The Dutch Regulator ACM in his most recent consultation has clearly identified the risk of joint dominance of KPN and VodafoneZiggo on the fixed market. A sustainable 3rd mobile led FMC operator is a much better and faster way to counter the associated risks of joint dominance than the current ACM proposal of uncertain cable access regulation which may take years to be implemented.

It is especially disappointing that despite all the time the process has taken and the voluminous amount of information provided, the Commission has failed to recognize the dynamic efficiencies that are generated by this merger. 

The window of opportunity for a third converged player to emerge in the Netherlands is closing, and it is closing fast.

Around the world, investors in infrastructure will be closely watching the T-Mobile NL/Tele2 NL merger proceeding and will attribute high significance to its outcome for their own decisions. Europe has been falling behind the US and Asian telco markets for years resulting in a massive drain of capital. The sector trades at 10-year lows as a consequence of rising investment needs for next generation communication networks, without corresponding opportunities to earn a fair return. This merger is a unique opportunity for the European Commission to prove that it is not fixated on a “magic number” of 4 players in each market, but is willing to support a transaction that substantially accelerates 5G for the Netherlands and unlocks further fiber investments in a market with two dominant converged players, for the unambiguous benefit of Dutch consumers. 

Against this background, the companies will continue a constructive dialogue with the Commission and remain confident that the merger will ultimately be approved towards the end of the year.

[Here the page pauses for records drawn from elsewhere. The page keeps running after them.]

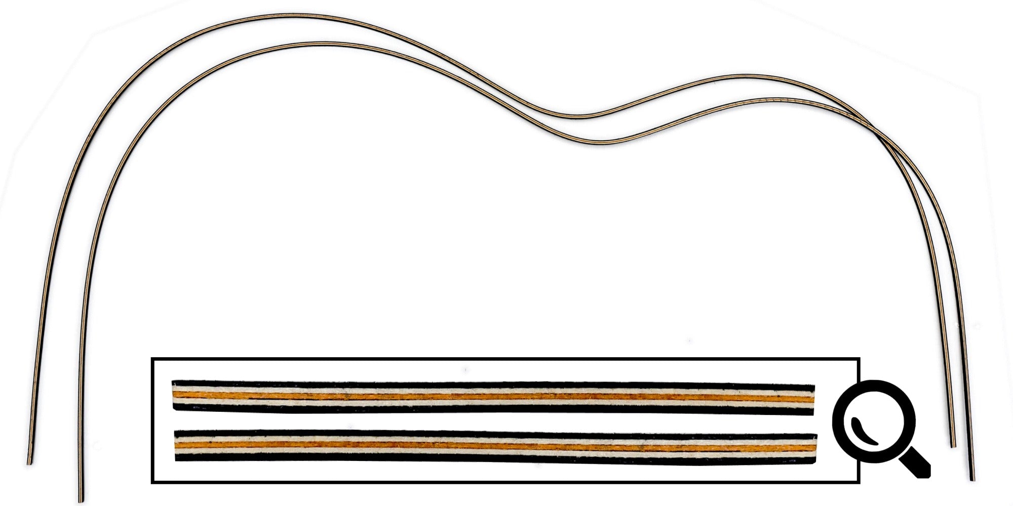 Guitar Purfling (Wood) Pre-Bent 2 piece set, Classical, Black/White/Orange
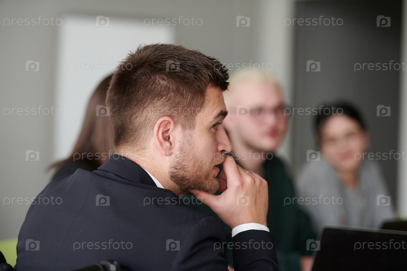 Разнообразная многонациональная бизнес-команда участвует в совместной встрече, обсуждая стратегии и решения в современной офисной обстановке
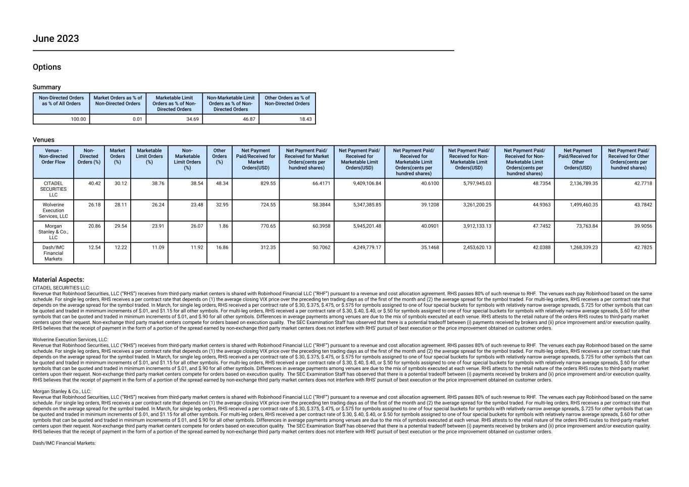 June 2023 Options Summary Non-Directed Orders as % of All Orders Market Orders as % of Non-Directed Orders Marketable Limit Orders as % of Non- Directed Orders Non-Marketable Limit Orders as % of Non- Directed Orders Other Orders as % of Non-Directed Orders 100.00 0.01 34.69 46.87 18.43 Venues Venue - Non-directed Order Flow Non- Directed Orders (%) Market Orders (%) Marketable Limit Orders (%) Non- Marketable Limit Orders (%) Other Orders (%) Net Payment Paid/Received for Market Orders(USD) Net Payment Paid/ Received for Market Orders(cents per hundred shares) Net Payment Paid/ Received for Marketable Limit Orders(USD) Net Payment Paid/ Received for Marketable Limit Orders(cents per hundred shares) Net Payment Paid/ Received for Non- Marketable Limit Orders(USD) Net Payment Paid/ Received for Non- Marketable Limit Orders(cents per hundred shares) Net Payment Paid/Received for Other Orders(USD) Net Payment Paid/ Received for Other Orders(cents per hundred shares) CITADEL SECURITIES LLC 40.42 30.12 38.76 38.54 48.34 829.55 66.4171 9,409,106.84 40.6100 5,797,945.03 48.7354 2,136,789.35 42.7718 Wolverine Execution Services, LLC 26.18 28.11 26.24 23.48 32.95 724.55 58.3844 5,347,385.85 39.1208 3,261,200.25 44.9363 1,499,460.35 43.7842 Morgan Stanley & Co., LLC 20.86 29.54 23.91 26.07 1.86 770.65 60.3958 5,945,201.48 40.0901 3,912,133.13 47.7452 73,763.84 39.9056 Dash/IMC Financial Markets 12.54 12.22 11.09 11.92 16.86 312.35 50.7062 4,249,779.17 35.1468 2,453,620.13 42.0388 1,268,339.23 42.7825 Material Aspects: CITADEL SECURITIES LLC: Revenue that Robinhood Securities, LLC (“RHS”) receives from third-party market centers is shared with Robinhood Financial LLC (“RHF”) pursuant to a revenue and cost allocation agreement. RHS passes 80% of such revenue to RHF.  The venues each pay Robinhood based on the same schedule. For single leg orders, RHS receives a per contract rate that depends on (1) the average closing VIX price over the preceding ten trading days as of the first of the month and (2) the average spread for the symbol traded. For multi-leg orders, RHS receives a per contract rate that depends on the average spread for the symbol traded. In March, for single leg orders, RHS received a per contract rate of $.30, $.375, $.475, or $.575 for symbols assigned to one of four special buckets for symbols with relatively narrow average spreads, $.725 for other symbols that can be quoted and traded in minimum increments of $.01, and $1.15 for all other symbols. For multi-leg orders, RHS received a per contract rate of $.30, $.40, $.40, or $.50 for symbols assigned to one of four special buckets for symbols with relatively narrow average spreads, $.60 for other symbols that can be quoted and traded in minimum increments of $.01, and $.90 for all other symbols. Differences in average payments among venues are due to the mix of symbols executed at each venue. RHS attests to the retail nature of the orders RHS routes to third-party market centers upon their request. Non-exchange third party market centers compete for orders based on execution quality.  The SEC Examination Staff has observed that there is a potential tradeoff between (i) payments received by brokers and (ii) price improvement and/or execution quality. RHS believes that the receipt of payment in the form of a portion of the spread earned by non-exchange third party market centers does not interfere with RHS' pursuit of best execution or the price improvement obtained on customer orders. Wolverine Execution Services, LLC: Revenue that Robinhood Securities, LLC (“RHS”) receives from third-party market centers is shared with Robinhood Financial LLC (“RHF”) pursuant to a revenue and cost allocation agreement. RHS passes 80% of such revenue to RHF.  The venues each pay Robinhood based on the same schedule. For single leg orders, RHS receives a per contract rate that depends on (1) the average closing VIX price over the preceding ten trading days as of the first of the month and (2) the average spread for the symbol traded. For multi-leg orders, RHS receives a per contract rate that depends on the average spread for the symbol traded. In March, for single leg orders, RHS received a per contract rate of $.30, $.375, $.475, or $.575 for symbols assigned to one of four special buckets for symbols with relatively narrow average spreads, $.725 for other symbols that can be quoted and traded in minimum increments of $.01, and $1.15 for all other symbols. For multi-leg orders, RHS received a per contract rate of $.30, $.40, $.40, or $.50 for symbols assigned to one of four special buckets for symbols with relatively narrow average spreads, $.60 for other symbols that can be quoted and traded in minimum increments of $.01, and $.90 for all other symbols. Differences in average payments among venues are due to the mix of symbols executed at each venue. RHS attests to the retail nature of the orders RHS routes to third-party market centers upon their request. Non-exchange third party market centers compete for orders based on execution quality.  The SEC Examination Staff has observed that there is a potential tradeoff between (i) payments received by brokers and (ii) price improvement and/or execution quality. RHS believes that the receipt of payment in the form of a portion of the spread earned by non-exchange third party market centers does not interfere with RHS' pursuit of best execution or the price improvement obtained on customer orders. Morgan Stanley & Co., LLC: Revenue that Robinhood Securities, LLC (“RHS”) receives from third-party market centers is shared with Robinhood Financial LLC (“RHF”) pursuant to a revenue and cost allocation agreement. RHS passes 80% of such revenue to RHF.  The venues each pay Robinhood based on the same schedule. For single leg orders, RHS receives a per contract rate that depends on (1) the average closing VIX price over the preceding ten trading days as of the first of the month an

This media information contains forward-looking statements that reflect the current views of Deutsche Telekom management with respect to future events. They are generally identified by the words "expect," "anticipate," "believe," "intend," "estimate," "aim," "goal," "plan," "will," "seek," "outlook" or similar expressions and include generally any information that relates to expectations or targets for revenue, adjusted EBITDA, EBITDA, or other performance measures. Forward-looking statements are based on current plans, estimates, and projections. They should therefore be considered with caution. Such statements are subject to risks and uncertainties, most of which are difficult to predict and are generally beyond Deutsche Telekom's control. If these risks and uncertainties materialize, or if the assumptions underlying any of these statements prove incorrect, the actual results may be materially different from those expressed or implied by such statements. Deutsche Telekom can offer no assurance that its expectations or targets will be met. Without prejudice to existing obligations under capital market law, Deutsche Telekom does not assume any obligation to update forward-looking statements to account for new information or future events or anything else.